■ **Material to process**:
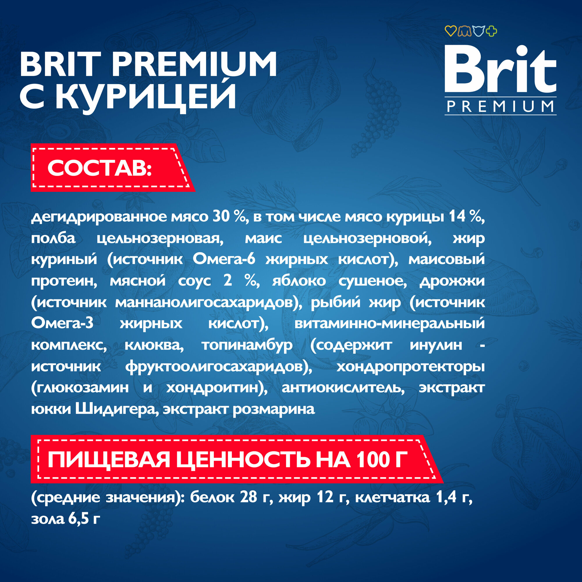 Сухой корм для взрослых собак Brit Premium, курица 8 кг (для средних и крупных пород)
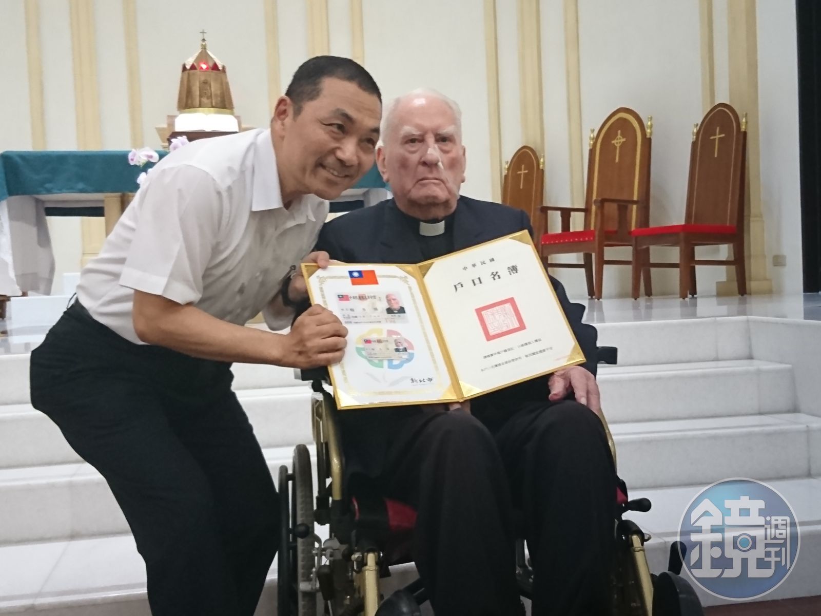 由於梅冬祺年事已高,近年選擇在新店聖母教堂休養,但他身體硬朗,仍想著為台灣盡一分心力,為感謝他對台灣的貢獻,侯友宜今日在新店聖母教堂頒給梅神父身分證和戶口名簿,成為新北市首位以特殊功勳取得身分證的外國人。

==

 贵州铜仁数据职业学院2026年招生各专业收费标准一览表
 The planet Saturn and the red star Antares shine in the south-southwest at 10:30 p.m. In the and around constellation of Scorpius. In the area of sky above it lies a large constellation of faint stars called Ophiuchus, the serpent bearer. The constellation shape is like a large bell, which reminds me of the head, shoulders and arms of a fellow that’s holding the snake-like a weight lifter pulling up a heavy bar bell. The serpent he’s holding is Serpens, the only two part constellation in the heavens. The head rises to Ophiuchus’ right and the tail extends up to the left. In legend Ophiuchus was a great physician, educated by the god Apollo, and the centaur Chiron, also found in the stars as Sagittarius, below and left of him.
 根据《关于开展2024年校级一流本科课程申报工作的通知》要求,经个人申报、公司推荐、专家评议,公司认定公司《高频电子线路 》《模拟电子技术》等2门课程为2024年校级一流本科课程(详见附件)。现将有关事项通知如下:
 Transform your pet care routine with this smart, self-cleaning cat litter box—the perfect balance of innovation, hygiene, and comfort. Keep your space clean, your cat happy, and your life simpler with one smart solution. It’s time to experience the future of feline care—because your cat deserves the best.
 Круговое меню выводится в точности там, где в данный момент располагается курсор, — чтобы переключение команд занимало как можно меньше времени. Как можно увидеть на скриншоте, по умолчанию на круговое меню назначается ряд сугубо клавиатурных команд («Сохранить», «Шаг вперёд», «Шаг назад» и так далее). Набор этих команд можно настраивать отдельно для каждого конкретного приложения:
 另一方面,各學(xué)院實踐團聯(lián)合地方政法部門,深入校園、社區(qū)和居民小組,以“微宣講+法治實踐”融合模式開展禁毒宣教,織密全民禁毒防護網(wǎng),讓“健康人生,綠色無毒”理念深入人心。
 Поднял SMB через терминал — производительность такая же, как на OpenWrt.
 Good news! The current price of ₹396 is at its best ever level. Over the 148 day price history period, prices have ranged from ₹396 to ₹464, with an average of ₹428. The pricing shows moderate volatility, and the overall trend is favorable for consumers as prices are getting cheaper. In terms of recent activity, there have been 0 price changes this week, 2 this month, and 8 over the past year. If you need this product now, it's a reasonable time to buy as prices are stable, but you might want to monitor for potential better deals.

...

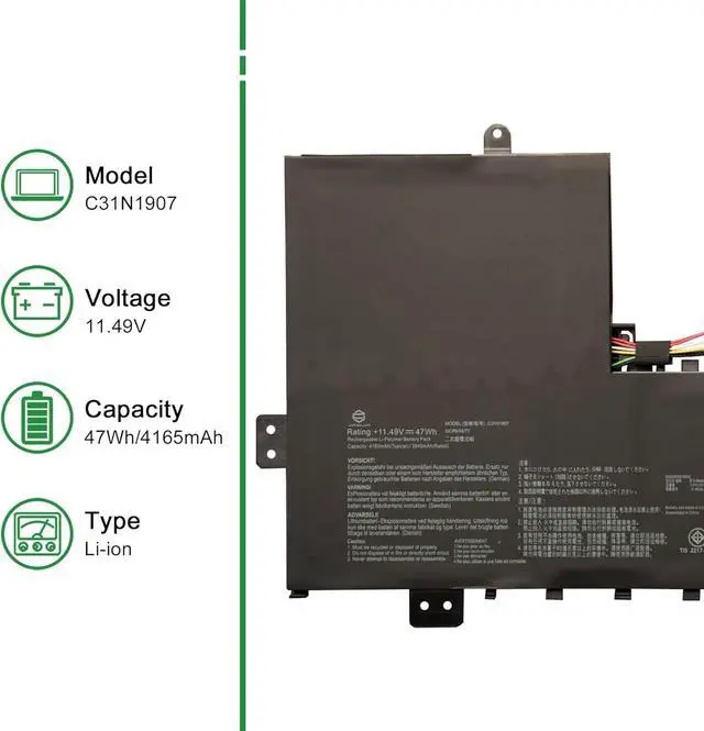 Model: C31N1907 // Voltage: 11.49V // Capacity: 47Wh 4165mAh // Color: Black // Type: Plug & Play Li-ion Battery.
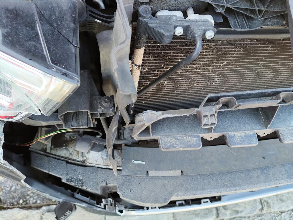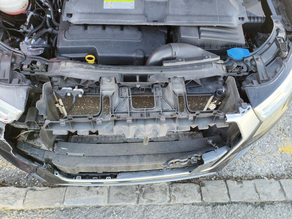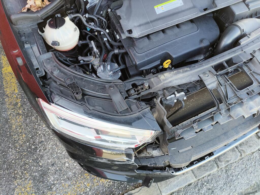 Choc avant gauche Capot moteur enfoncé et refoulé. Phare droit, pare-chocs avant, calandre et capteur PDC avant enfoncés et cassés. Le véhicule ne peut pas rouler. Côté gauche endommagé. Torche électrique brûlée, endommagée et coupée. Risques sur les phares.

■ **Problem to solve**: Exact duplication is required for the lines above, from the line that contains "另一方面,各學(xué)院實" to the line that contains "Good news! The", inclusive; omit all others.

■ **Solution for this problem**:
 另一方面,各學(xué)院實踐團聯(lián)合地方政法部門,深入校園、社區(qū)和居民小組,以“微宣講+法治實踐”融合模式開展禁毒宣教,織密全民禁毒防護網(wǎng),讓“健康人生,綠色無毒”理念深入人心。
 Поднял SMB через терминал — производительность такая же, как на OpenWrt.
 Good news! The current price of ₹396 is at its best ever level. Over the 148 day price history period, prices have ranged from ₹396 to ₹464, with an average of ₹428. The pricing shows moderate volatility, and the overall trend is favorable for consumers as prices are getting cheaper. In terms of recent activity, there have been 0 price changes this week, 2 this month, and 8 over the past year. If you need this product now, it's a reasonable time to buy as prices are stable, but you might want to monitor for potential better deals.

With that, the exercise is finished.